## GIVEN INFORMATION
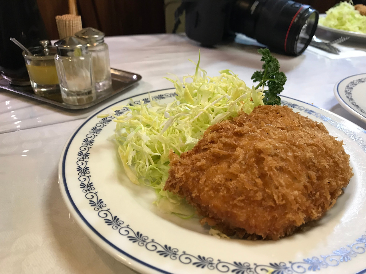 또하나 중요한 것은 돈까스에 빠질수 없는 것이 채썬 양배추다. 그 당시 일본인들은 채소를 절여서 먹거나, 데쳐서 먹는 것이 일반적이였다고한다. 그런데 러일전쟁(1904-1905)때, 젊은 요리사들이 병사로 차출되어 식당에 일손이 부족하게 되었고, 양배추는 하루밤 절여야했기에 손이 많이 갔다고 한다. 그래서 고안한 것이 양배추를 채설기해서 먹어도 되지 않을까하고 테스트를 한 결과, 고객들이 채소를 생으로 먹는 것에 대해 많이 놀라워했지만 의외로 입안이 산뜻해지고 튀긴 메뉴와 궁합이 잘맞다며 정착되었다고 한다.
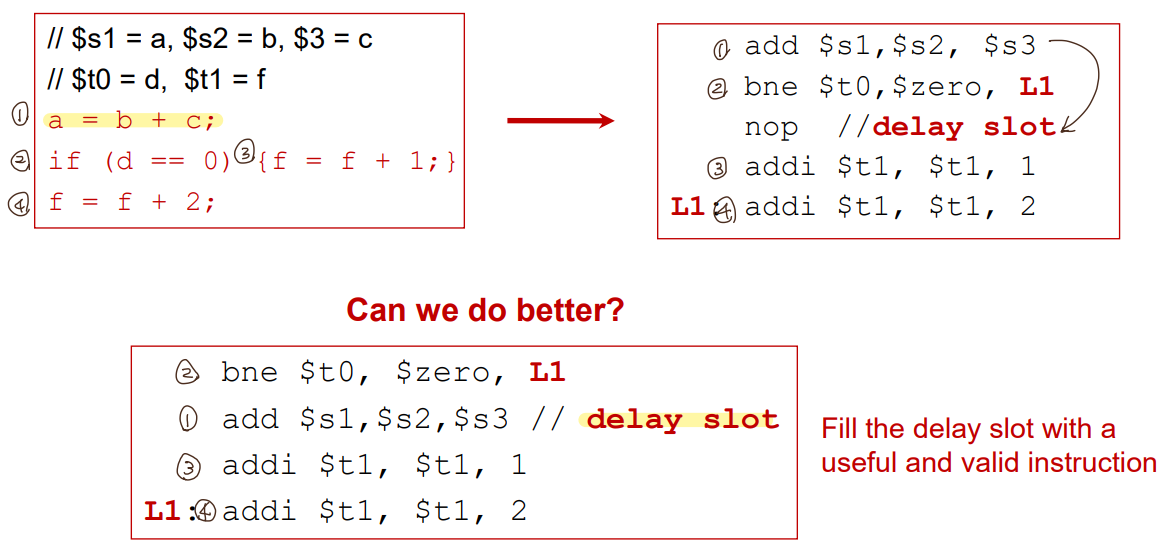 delay slot 에 useful instruction을 담아준다. 없다면 nop(no operation).
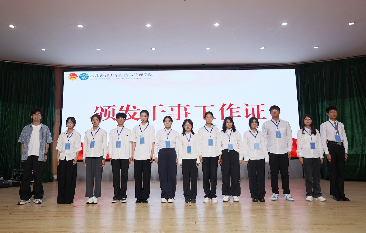 最后,学工办辅导员李泽轩老师为各部门新进干事代表颁发工作证。这不仅象征着干事们正式加入经管团学组织,也激励大家以更加饱满的热情和高度的责任心投入到未来的工作中。
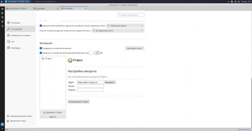 Чтобы использовать «Р7-Диск» для хранения или прикрепления крупных файлов из «Р7-Диск» к исходящим сообщениям, необходимо выполнить настройку в «Органайзере».
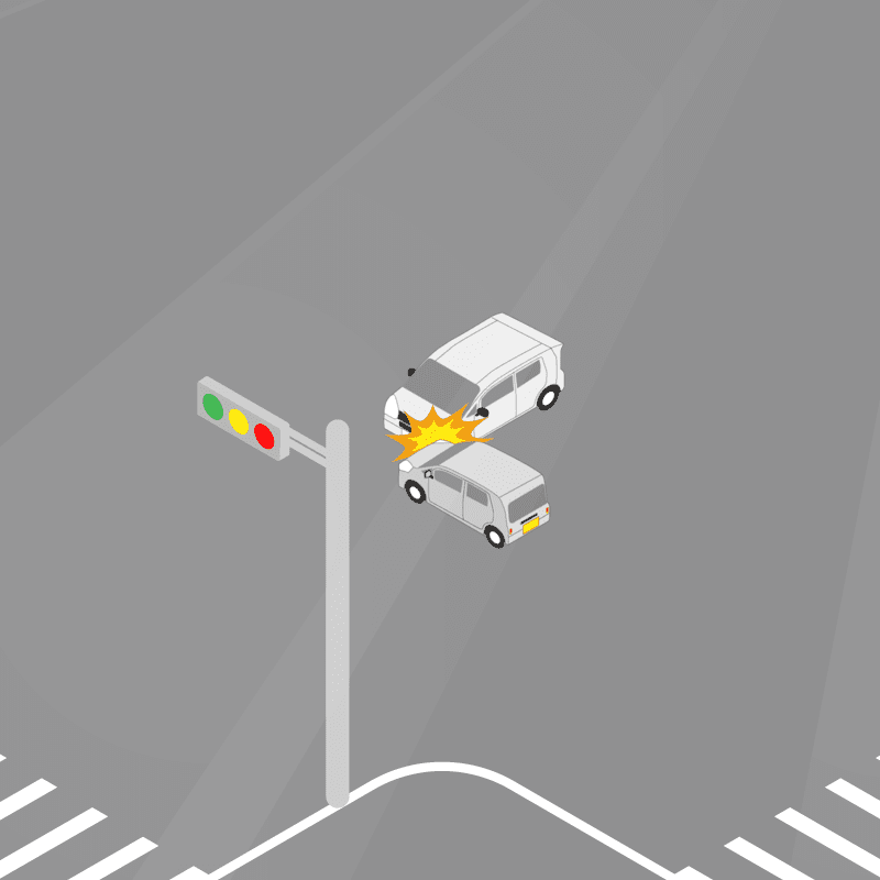 ・イラストに使用している各要素(車、背景、車、天候、信号、衝突地点など)は、代表的なイメージをイラスト化しており、色や形状等含め現実の事故の状況とは異なります。あくまで、事故のイメージとして参考までにご活用ください。
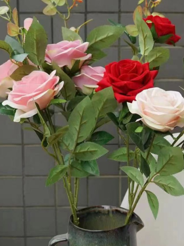 | 玫瑰花假花仿真花摆设客厅花艺摆件轻奢塑料花绢花装饰花 | |
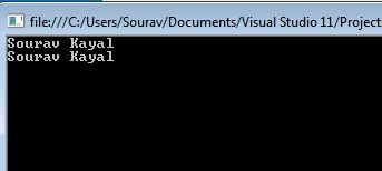 Person p1 = new Person { name = "Sourav", surname = "Kayal" };
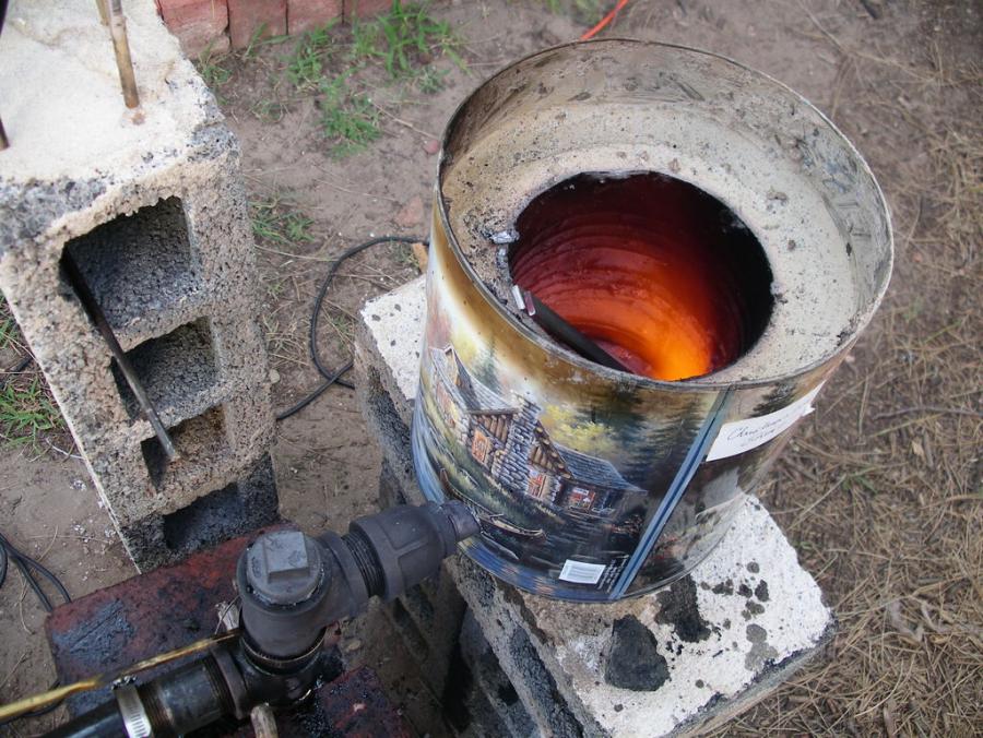 Сопло горелки направляют в котел, где происходит нагрев топливной камеры и водяной рубашки. Также можно использовать устройство для плавки и нагрева металлов.

## WHAT YOU SHOULD DO
Give again, word for word, only the lines from the one with "玫瑰花假花仿真花摆设客厅花艺摆件轻奢塑料花绢花装饰花 | |" through the last line of the entries, both included; no pictures go in the copy.

## FINAL ANSWER
 | 玫瑰花假花仿真花摆设客厅花艺摆件轻奢塑料花绢花装饰花 | |
 Person p1 = new Person { name = "Sourav", surname = "Kayal" };
 Сопло горелки направляют в котел, где происходит нагрев топливной камеры и водяной рубашки. Также можно использовать устройство для плавки и нагрева металлов.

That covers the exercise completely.